Data under study:
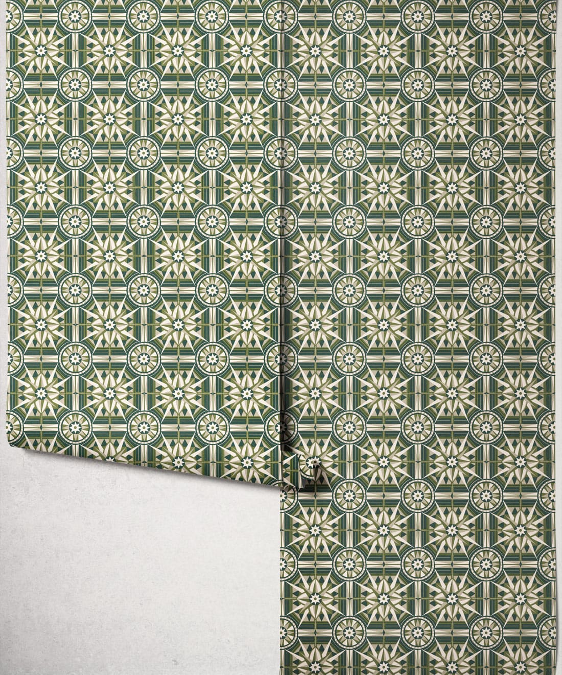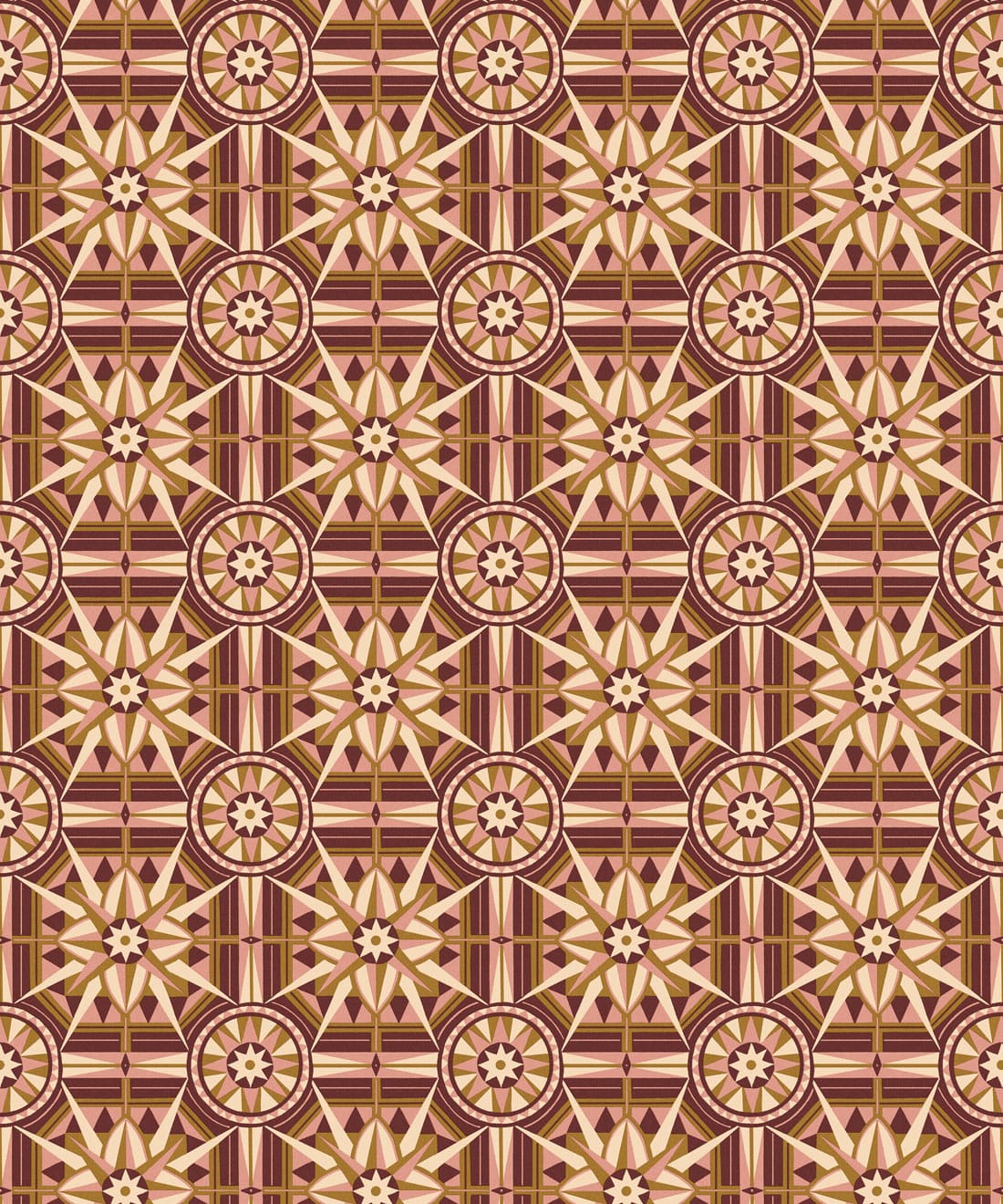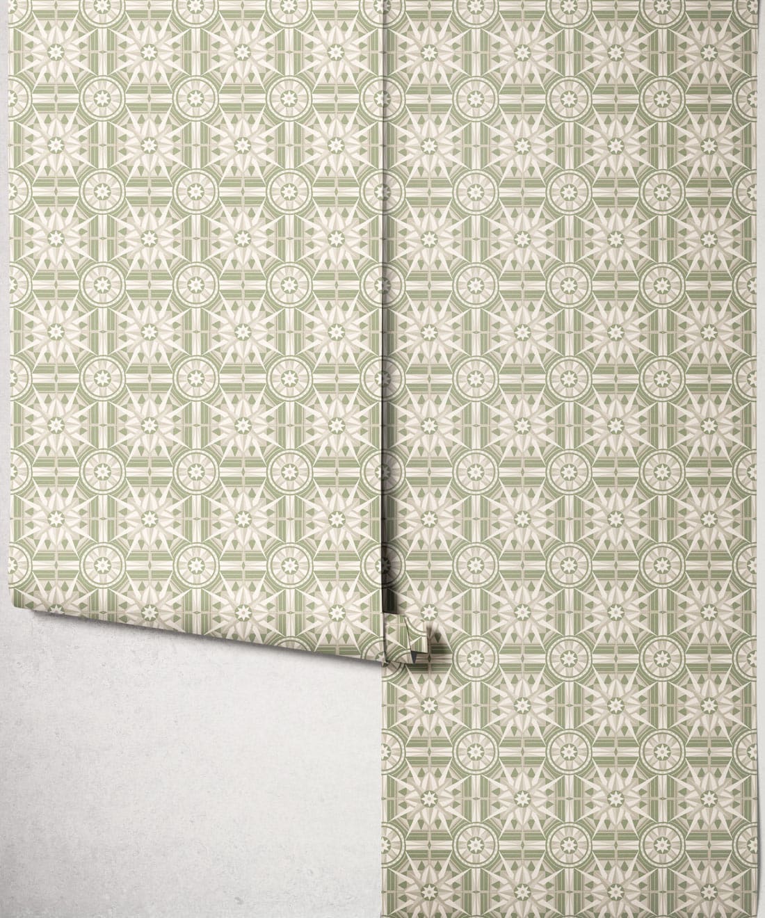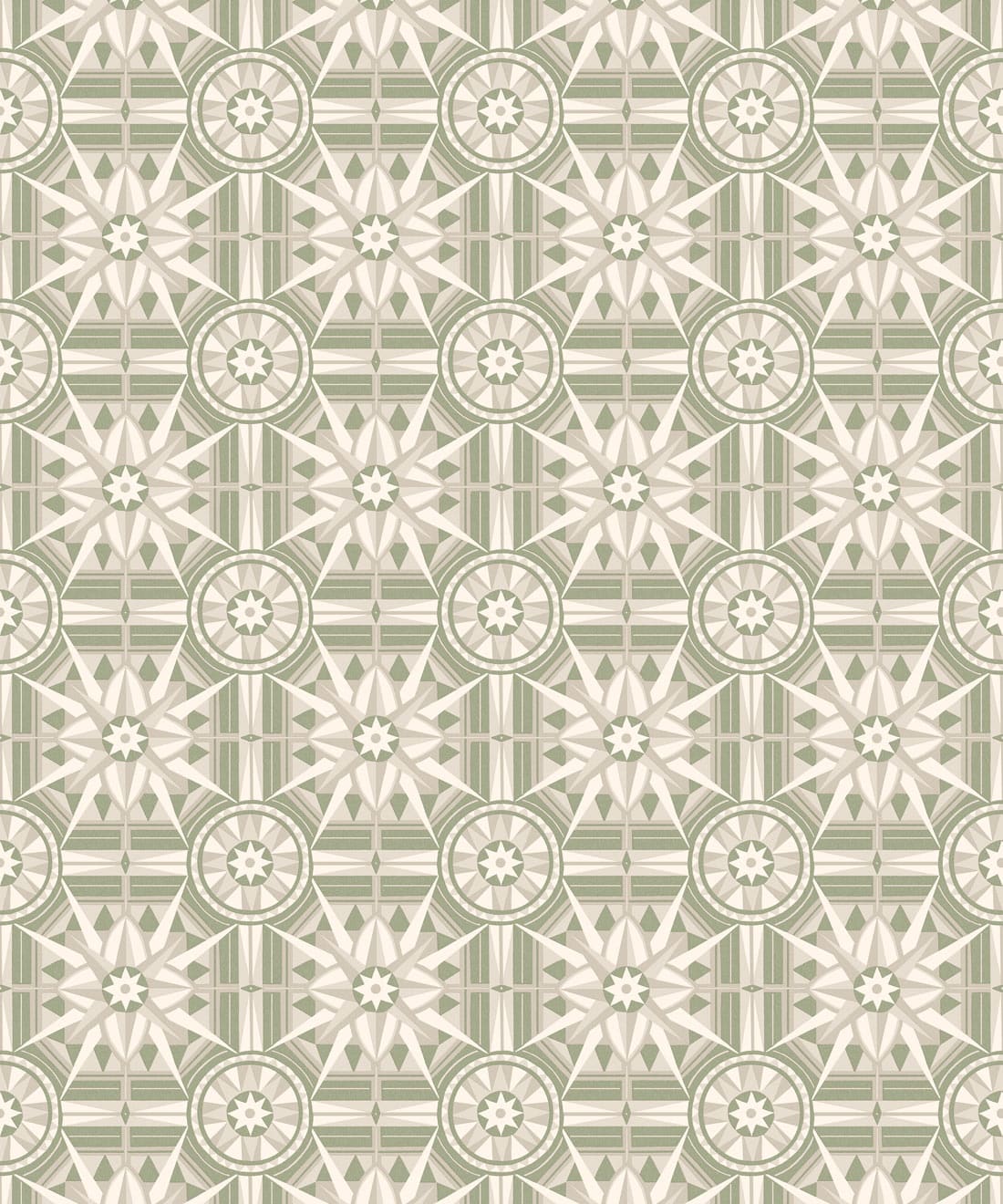 „Sundial“ ist eine geometrische Tapete, die von viktorianischen Bodenfliesen und den symmetrischen Formen traditioneller Garten-Sonnenuhren inspiriert ist. Markante Formen strahlen nach außen und bilden ein selbstbewusstes, sich wiederholendes Muster.
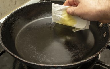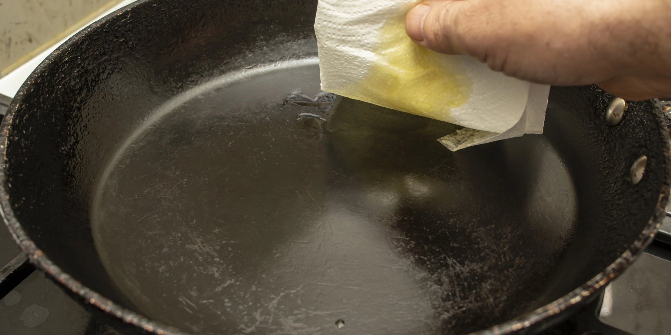 Волога — головна причина появи іржі. Чисту й суху поверхню чавунної сковороди радять змастити 2-3 краплями олії.
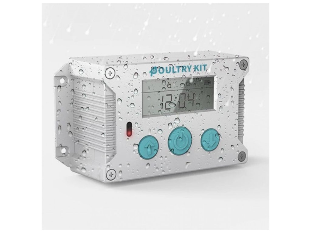 Zařízení pro otevírání/zavírání kurníku je osazeno v odolném plastovém pouzdru. Dvířka jsou zvedána pomocí motorku, který zvládne zvednout dvířka až o hmotnosti 2 kg. Dvířka nejsou součástí balení, je možno je zakoupit buď zvlášť nebo jako SET s jednotkou, případně můžete použít jakákoli stávající vertikálně otevíraná dvířka.
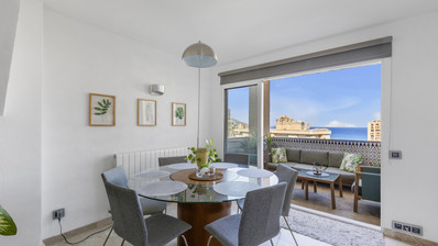 A spacious and bright living room with large windows that open onto a terrace with a beautiful view of the Mediterranean Sea. It is the perfect place to relax with your morning coffee or dinner overlooking the sea.
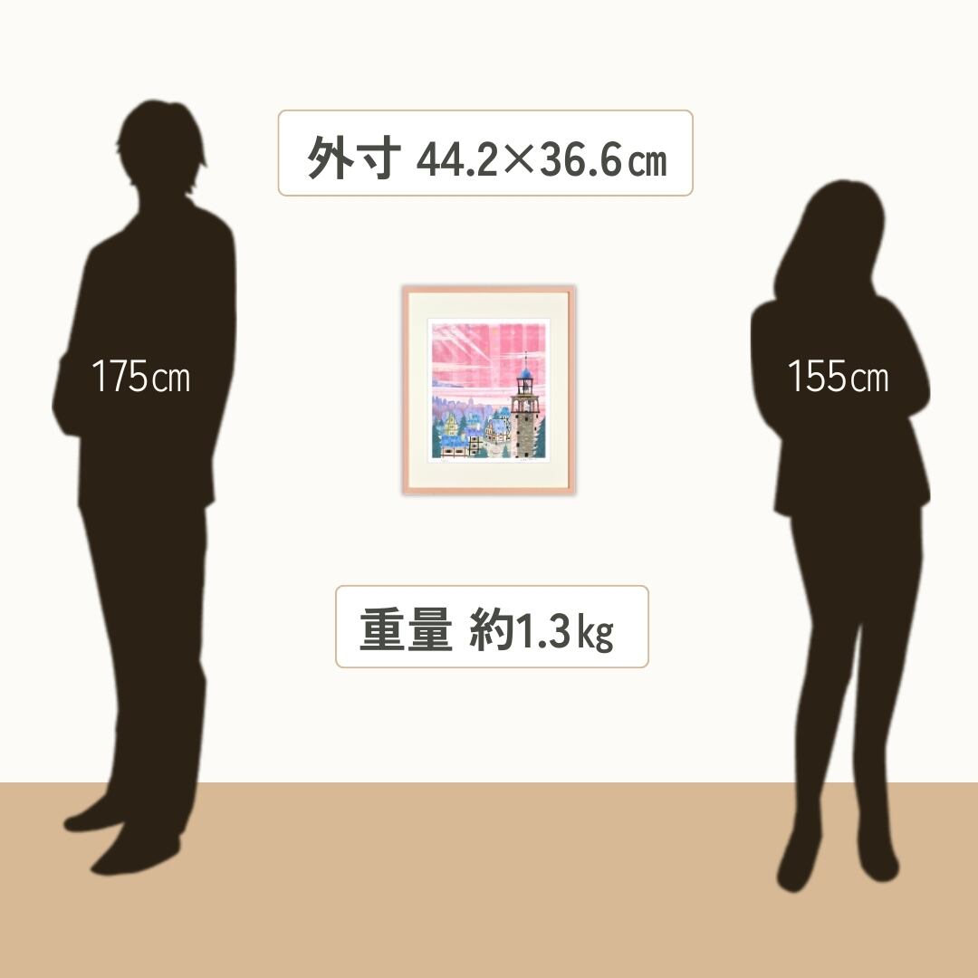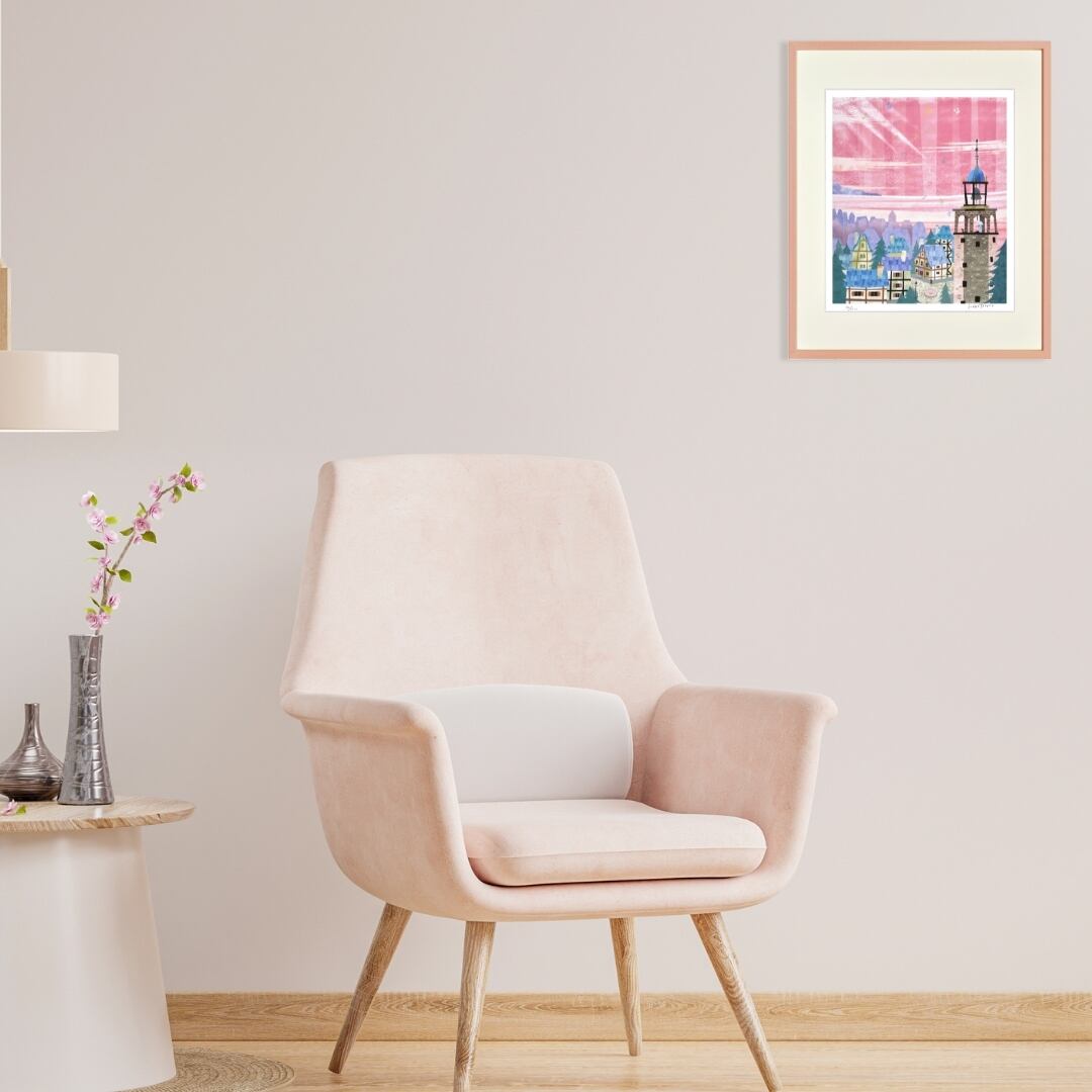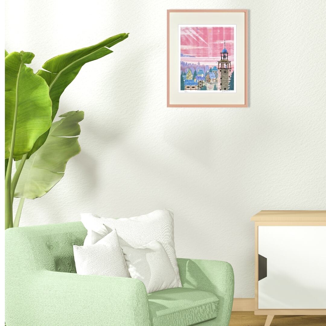 ピンクの空と青い屋根のコントラストが美しく、部屋にやさしい明るさを添えてくれます。

Task details: Lines before the one containing "A spacious and" are not wanted; repeat that line and the rest of the listing exactly, leaving out pictures.

Solution to the exercise:
 A spacious and bright living room with large windows that open onto a terrace with a beautiful view of the Mediterranean Sea. It is the perfect place to relax with your morning coffee or dinner overlooking the sea.
 ピンクの空と青い屋根のコントラストが美しく、部屋にやさしい明るさを添えてくれます。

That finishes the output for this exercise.